As I drove home with the woman, we each had different things on our mind. She was going through a difficult patch in her life at the time and obviously saw me as a person with a sympathetic ear in whom she could confide. More than anything else, she needed a degree of sensitivity, understanding and sympathy from the man in the car beside her as she expressed the things that were undoubtedly worrying her. While she wanted to get off with me, my mind was set on certain clothing items of hers I wanted to get off her.
While we were both willing and ‘up for it’ that night, after I'd safely dropped her back home in the early morning hours, I couldn’t help thinking that ‘I’d let both of us down’ by my overall response the situation I was a part of; she in her expectations of me being ‘a good listener’ and ‘sympathetic respondent’, and me in the usual high standards I automatically displayed when dealing with a damsel in distress.

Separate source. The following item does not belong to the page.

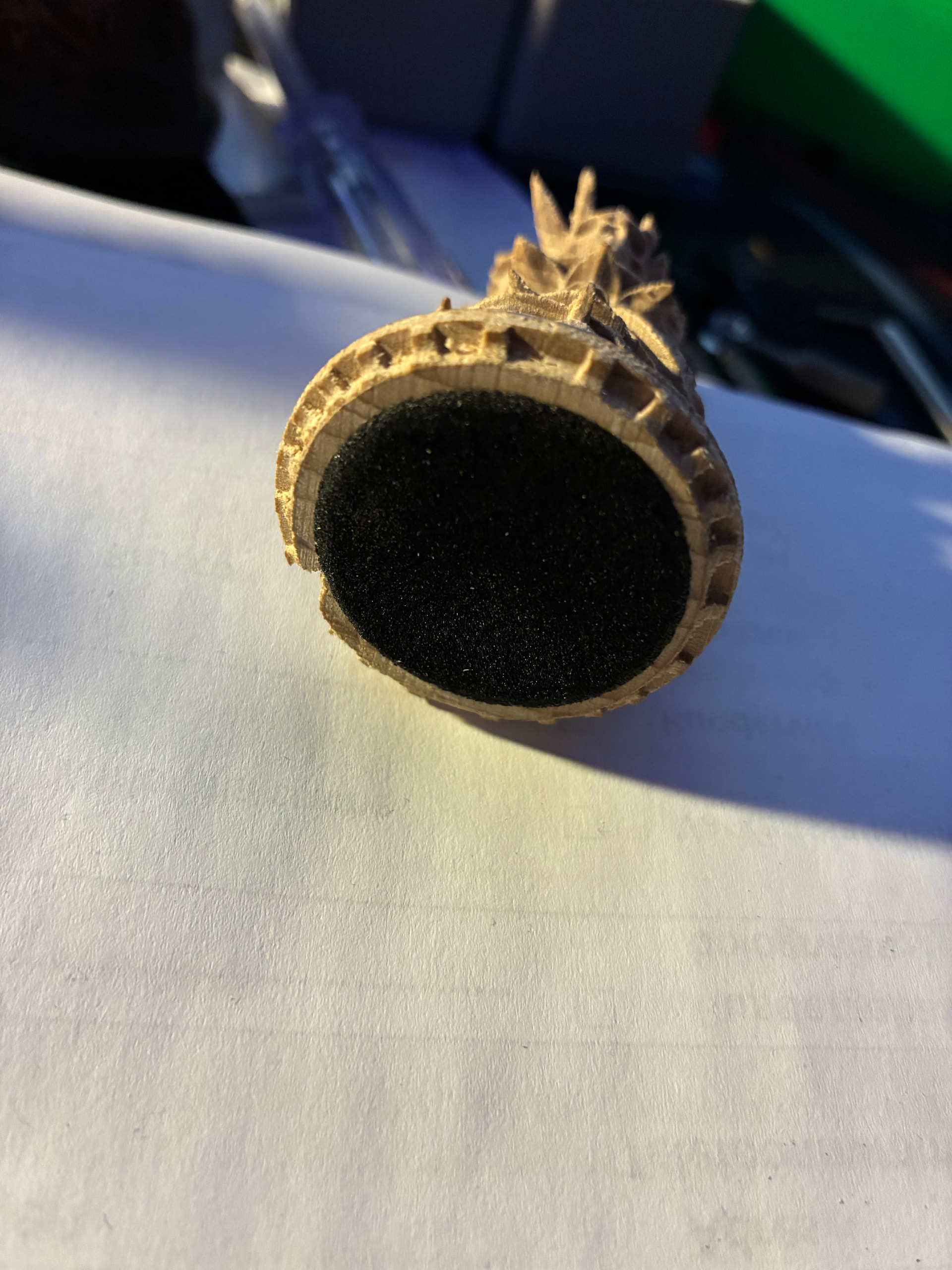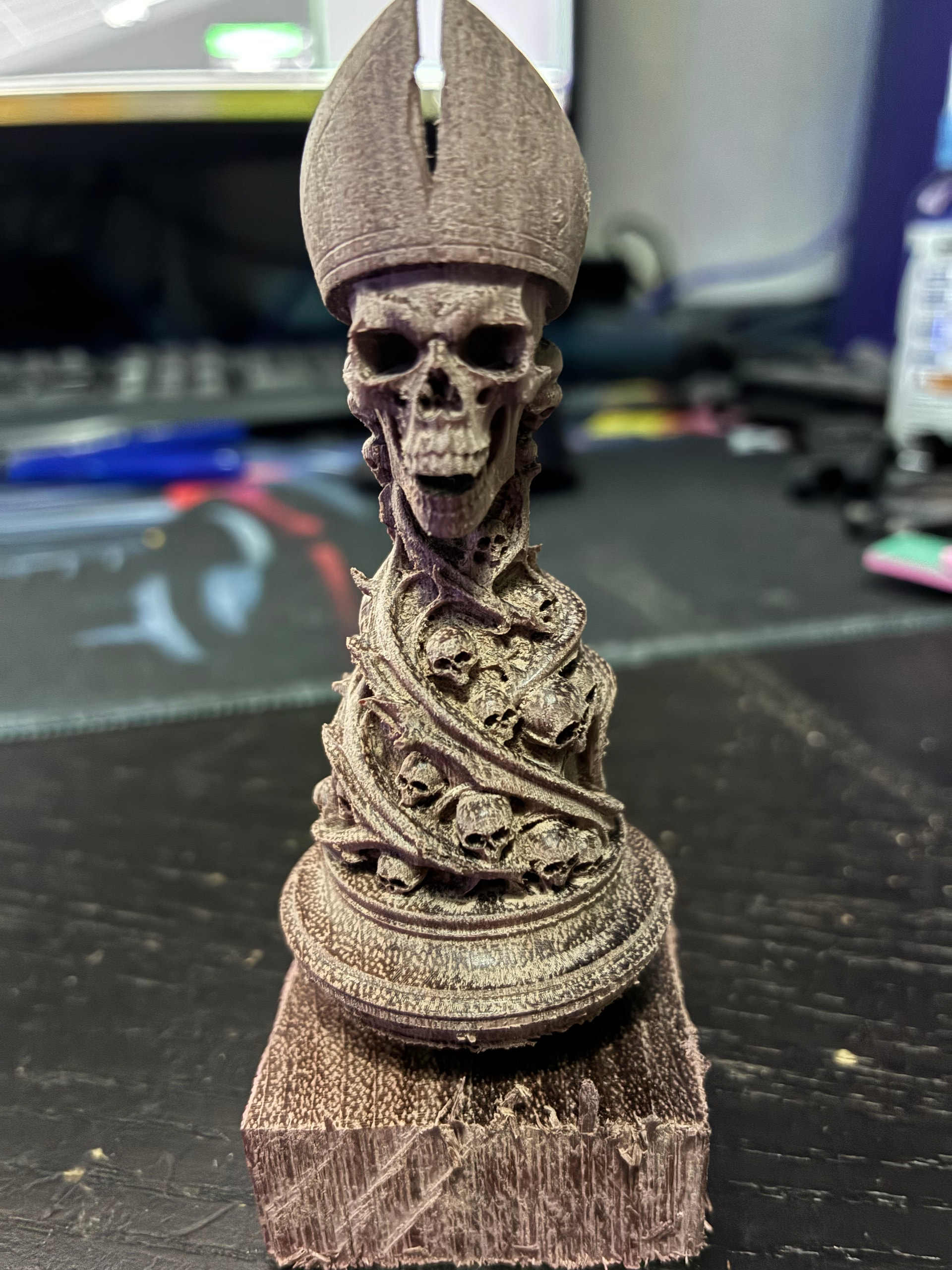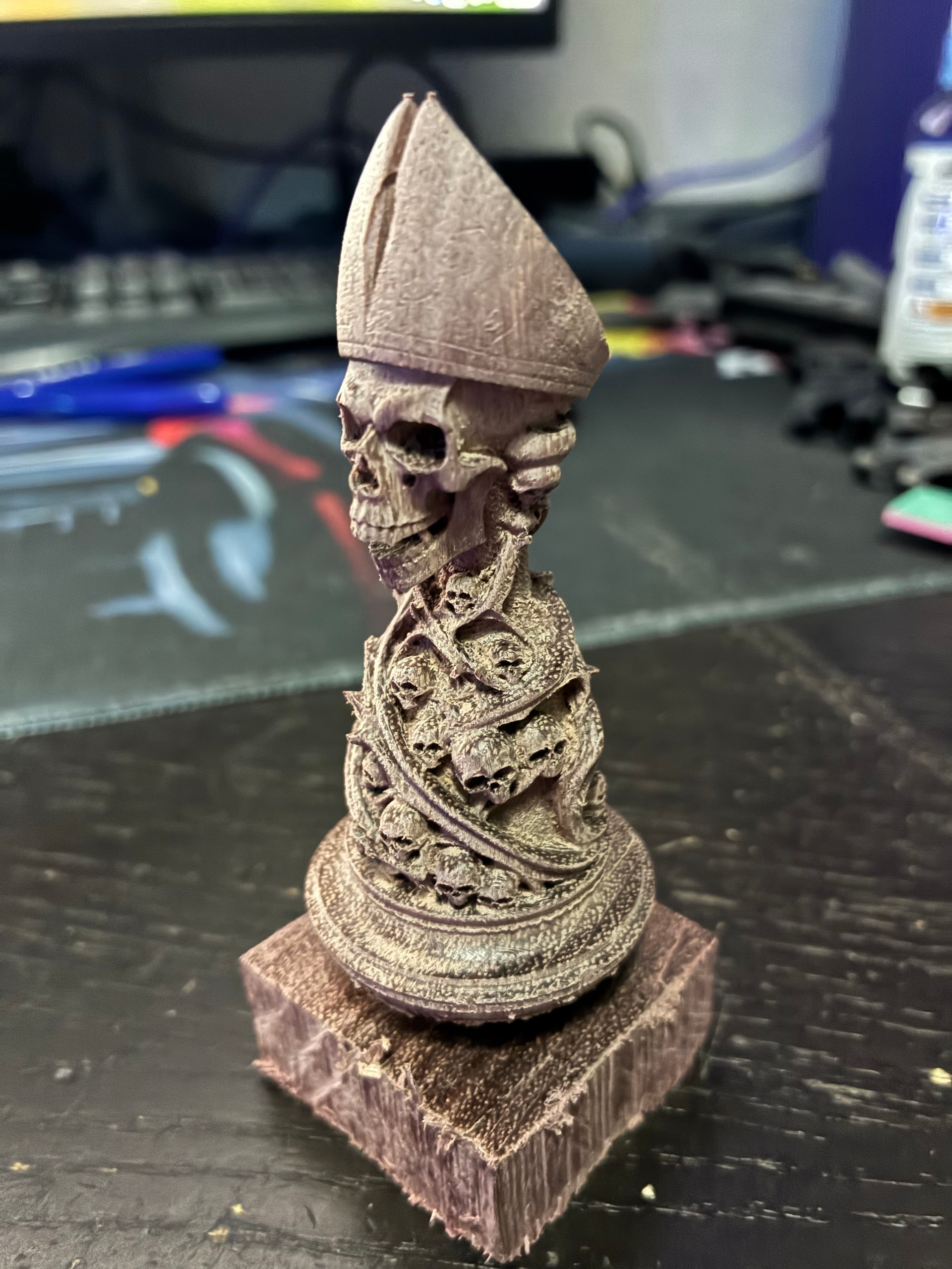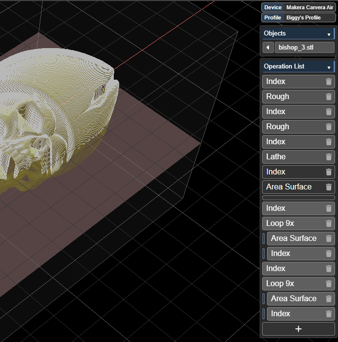 The bishop is ready, hot off the CNC and I’m amazed how good a job the Kiri:Moto ball-nose algorythm did (and you, Stewart!) There is no need for the 45 degree rig, the top has a bit too much stock left accoring to the model, but it’s in such a nook nobody will ever notice it, and I think I’ll do more damage by trying to get it out, the round head is just perfect, also the hat is just perfect, it’s totally perfect (and fast too at 1000 speed area).
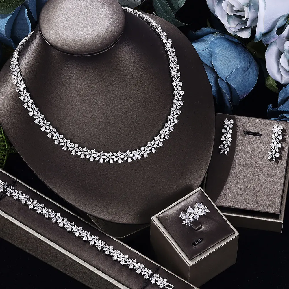 Turn every moment into a celebration with this Four-Piece CZ Bridal Jewelry Set, inspired by elegant Dubai crystal designs. This stunning set includes a matching necklace, earrings, bracelet, and ring, all beautifully decorated with sparkling cubic zirconia (CZ) stones that catch the light from every angle.

I found it hard to forgive myself for my lack of sensitivity and poorer than normal response, and I went to work the following morning ashamed of my overall behaviour. I had been too preoccupied with what I had wanted and had failed to respond to what she had primarily wanted as well as my company.
From that day on, I can honestly say that my behaviour to any woman I since encountered was more considerate, respectful and truthful in every regard. While there have been times in the past when I moved from one woman to another with the fleetness of foot of a ballroom dancer, I have never two-timed a woman in my life or pretended our relationship to have been any more than clearly stated and understood between us. If ever a heart has cheated, ‘it was never mine’.